* Your task *
The records are given next. Repeat each one exactly.
*** Dataset excerpts Section Begins ***
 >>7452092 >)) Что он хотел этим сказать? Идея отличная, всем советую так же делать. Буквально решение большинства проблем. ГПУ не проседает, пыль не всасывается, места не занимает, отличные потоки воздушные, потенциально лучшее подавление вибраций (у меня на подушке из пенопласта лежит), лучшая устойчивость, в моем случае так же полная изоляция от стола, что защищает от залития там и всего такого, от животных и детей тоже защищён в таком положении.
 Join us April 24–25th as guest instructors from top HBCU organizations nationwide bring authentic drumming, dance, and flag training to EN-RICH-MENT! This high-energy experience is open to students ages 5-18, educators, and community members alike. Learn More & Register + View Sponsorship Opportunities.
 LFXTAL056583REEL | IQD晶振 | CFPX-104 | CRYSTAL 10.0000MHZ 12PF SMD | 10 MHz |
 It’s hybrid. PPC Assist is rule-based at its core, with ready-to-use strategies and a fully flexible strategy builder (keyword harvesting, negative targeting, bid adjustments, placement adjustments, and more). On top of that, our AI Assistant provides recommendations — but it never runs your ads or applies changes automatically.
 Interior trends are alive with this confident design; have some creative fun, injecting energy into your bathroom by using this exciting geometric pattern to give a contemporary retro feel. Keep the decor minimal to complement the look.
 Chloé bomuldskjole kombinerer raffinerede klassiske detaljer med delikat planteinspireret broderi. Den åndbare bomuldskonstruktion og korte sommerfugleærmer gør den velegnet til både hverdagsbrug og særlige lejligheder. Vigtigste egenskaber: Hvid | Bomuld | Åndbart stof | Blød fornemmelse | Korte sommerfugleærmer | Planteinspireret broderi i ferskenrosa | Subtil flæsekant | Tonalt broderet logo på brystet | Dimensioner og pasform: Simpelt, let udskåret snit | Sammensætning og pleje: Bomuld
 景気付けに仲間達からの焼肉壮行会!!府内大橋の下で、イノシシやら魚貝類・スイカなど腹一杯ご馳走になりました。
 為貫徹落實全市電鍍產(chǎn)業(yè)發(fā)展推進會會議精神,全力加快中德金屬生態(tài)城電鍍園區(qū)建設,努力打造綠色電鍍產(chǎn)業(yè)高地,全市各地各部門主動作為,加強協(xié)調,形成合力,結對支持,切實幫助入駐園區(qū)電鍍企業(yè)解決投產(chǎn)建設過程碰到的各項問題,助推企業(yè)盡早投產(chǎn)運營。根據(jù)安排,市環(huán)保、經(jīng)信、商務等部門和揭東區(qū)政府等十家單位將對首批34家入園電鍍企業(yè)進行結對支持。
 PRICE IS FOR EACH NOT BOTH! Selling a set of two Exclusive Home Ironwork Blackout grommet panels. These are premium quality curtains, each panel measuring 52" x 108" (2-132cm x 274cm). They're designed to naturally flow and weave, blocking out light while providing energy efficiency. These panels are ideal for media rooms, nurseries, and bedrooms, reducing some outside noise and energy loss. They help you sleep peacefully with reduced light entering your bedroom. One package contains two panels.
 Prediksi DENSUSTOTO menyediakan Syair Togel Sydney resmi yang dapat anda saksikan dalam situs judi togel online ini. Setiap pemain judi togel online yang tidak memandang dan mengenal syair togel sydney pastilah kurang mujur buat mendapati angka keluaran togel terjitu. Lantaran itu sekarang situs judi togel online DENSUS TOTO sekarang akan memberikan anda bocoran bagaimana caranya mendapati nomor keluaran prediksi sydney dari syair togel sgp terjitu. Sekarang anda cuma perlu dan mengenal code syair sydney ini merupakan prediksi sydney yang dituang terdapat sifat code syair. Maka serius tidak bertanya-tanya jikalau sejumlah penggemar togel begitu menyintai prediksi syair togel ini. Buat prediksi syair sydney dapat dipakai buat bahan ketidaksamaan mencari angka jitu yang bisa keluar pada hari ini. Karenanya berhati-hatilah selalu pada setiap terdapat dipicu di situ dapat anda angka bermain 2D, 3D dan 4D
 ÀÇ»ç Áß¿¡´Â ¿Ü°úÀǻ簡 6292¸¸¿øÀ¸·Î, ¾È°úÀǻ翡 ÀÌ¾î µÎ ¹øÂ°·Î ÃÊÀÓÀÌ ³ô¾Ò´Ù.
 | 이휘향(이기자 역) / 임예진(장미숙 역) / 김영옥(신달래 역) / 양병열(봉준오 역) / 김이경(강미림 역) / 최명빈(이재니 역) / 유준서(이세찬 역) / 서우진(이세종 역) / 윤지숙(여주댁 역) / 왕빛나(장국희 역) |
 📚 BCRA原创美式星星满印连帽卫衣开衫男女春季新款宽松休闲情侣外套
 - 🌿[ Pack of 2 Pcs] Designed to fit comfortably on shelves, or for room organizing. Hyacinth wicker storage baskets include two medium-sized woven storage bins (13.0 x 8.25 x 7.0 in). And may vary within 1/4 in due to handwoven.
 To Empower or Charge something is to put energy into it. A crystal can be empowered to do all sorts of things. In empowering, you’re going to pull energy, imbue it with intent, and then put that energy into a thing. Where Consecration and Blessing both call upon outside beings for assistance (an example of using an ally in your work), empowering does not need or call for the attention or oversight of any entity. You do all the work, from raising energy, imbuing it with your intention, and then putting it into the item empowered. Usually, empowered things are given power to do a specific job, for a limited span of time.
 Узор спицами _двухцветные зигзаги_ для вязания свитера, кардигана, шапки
*** Dataset excerpts Section Ends ***
* Completed exercise *
 >>7452092 >)) Что он хотел этим сказать? Идея отличная, всем советую так же делать. Буквально решение большинства проблем. ГПУ не проседает, пыль не всасывается, места не занимает, отличные потоки воздушные, потенциально лучшее подавление вибраций (у меня на подушке из пенопласта лежит), лучшая устойчивость, в моем случае так же полная изоляция от стола, что защищает от залития там и всего такого, от животных и детей тоже защищён в таком положении.
 Join us April 24–25th as guest instructors from top HBCU organizations nationwide bring authentic drumming, dance, and flag training to EN-RICH-MENT! This high-energy experience is open to students ages 5-18, educators, and community members alike. Learn More & Register + View Sponsorship Opportunities.
 LFXTAL056583REEL | IQD晶振 | CFPX-104 | CRYSTAL 10.0000MHZ 12PF SMD | 10 MHz |
 It’s hybrid. PPC Assist is rule-based at its core, with ready-to-use strategies and a fully flexible strategy builder (keyword harvesting, negative targeting, bid adjustments, placement adjustments, and more). On top of that, our AI Assistant provides recommendations — but it never runs your ads or applies changes automatically.
 Interior trends are alive with this confident design; have some creative fun, injecting energy into your bathroom by using this exciting geometric pattern to give a contemporary retro feel. Keep the decor minimal to complement the look.
 Chloé bomuldskjole kombinerer raffinerede klassiske detaljer med delikat planteinspireret broderi. Den åndbare bomuldskonstruktion og korte sommerfugleærmer gør den velegnet til både hverdagsbrug og særlige lejligheder. Vigtigste egenskaber: Hvid | Bomuld | Åndbart stof | Blød fornemmelse | Korte sommerfugleærmer | Planteinspireret broderi i ferskenrosa | Subtil flæsekant | Tonalt broderet logo på brystet | Dimensioner og pasform: Simpelt, let udskåret snit | Sammensætning og pleje: Bomuld
 景気付けに仲間達からの焼肉壮行会!!府内大橋の下で、イノシシやら魚貝類・スイカなど腹一杯ご馳走になりました。
 為貫徹落實全市電鍍產(chǎn)業(yè)發(fā)展推進會會議精神,全力加快中德金屬生態(tài)城電鍍園區(qū)建設,努力打造綠色電鍍產(chǎn)業(yè)高地,全市各地各部門主動作為,加強協(xié)調,形成合力,結對支持,切實幫助入駐園區(qū)電鍍企業(yè)解決投產(chǎn)建設過程碰到的各項問題,助推企業(yè)盡早投產(chǎn)運營。根據(jù)安排,市環(huán)保、經(jīng)信、商務等部門和揭東區(qū)政府等十家單位將對首批34家入園電鍍企業(yè)進行結對支持。
 PRICE IS FOR EACH NOT BOTH! Selling a set of two Exclusive Home Ironwork Blackout grommet panels. These are premium quality curtains, each panel measuring 52" x 108" (2-132cm x 274cm). They're designed to naturally flow and weave, blocking out light while providing energy efficiency. These panels are ideal for media rooms, nurseries, and bedrooms, reducing some outside noise and energy loss. They help you sleep peacefully with reduced light entering your bedroom. One package contains two panels.
 Prediksi DENSUSTOTO menyediakan Syair Togel Sydney resmi yang dapat anda saksikan dalam situs judi togel online ini. Setiap pemain judi togel online yang tidak memandang dan mengenal syair togel sydney pastilah kurang mujur buat mendapati angka keluaran togel terjitu. Lantaran itu sekarang situs judi togel online DENSUS TOTO sekarang akan memberikan anda bocoran bagaimana caranya mendapati nomor keluaran prediksi sydney dari syair togel sgp terjitu. Sekarang anda cuma perlu dan mengenal code syair sydney ini merupakan prediksi sydney yang dituang terdapat sifat code syair. Maka serius tidak bertanya-tanya jikalau sejumlah penggemar togel begitu menyintai prediksi syair togel ini. Buat prediksi syair sydney dapat dipakai buat bahan ketidaksamaan mencari angka jitu yang bisa keluar pada hari ini. Karenanya berhati-hatilah selalu pada setiap terdapat dipicu di situ dapat anda angka bermain 2D, 3D dan 4D
 ÀÇ»ç Áß¿¡´Â ¿Ü°úÀǻ簡 6292¸¸¿øÀ¸·Î, ¾È°úÀǻ翡 ÀÌ¾î µÎ ¹øÂ°·Î ÃÊÀÓÀÌ ³ô¾Ò´Ù.
 | 이휘향(이기자 역) / 임예진(장미숙 역) / 김영옥(신달래 역) / 양병열(봉준오 역) / 김이경(강미림 역) / 최명빈(이재니 역) / 유준서(이세찬 역) / 서우진(이세종 역) / 윤지숙(여주댁 역) / 왕빛나(장국희 역) |
 📚 BCRA原创美式星星满印连帽卫衣开衫男女春季新款宽松休闲情侣外套
 - 🌿[ Pack of 2 Pcs] Designed to fit comfortably on shelves, or for room organizing. Hyacinth wicker storage baskets include two medium-sized woven storage bins (13.0 x 8.25 x 7.0 in). And may vary within 1/4 in due to handwoven.
 To Empower or Charge something is to put energy into it. A crystal can be empowered to do all sorts of things. In empowering, you’re going to pull energy, imbue it with intent, and then put that energy into a thing. Where Consecration and Blessing both call upon outside beings for assistance (an example of using an ally in your work), empowering does not need or call for the attention or oversight of any entity. You do all the work, from raising energy, imbuing it with your intention, and then putting it into the item empowered. Usually, empowered things are given power to do a specific job, for a limited span of time.
 Узор спицами _двухцветные зигзаги_ для вязания свитера, кардигана, шапки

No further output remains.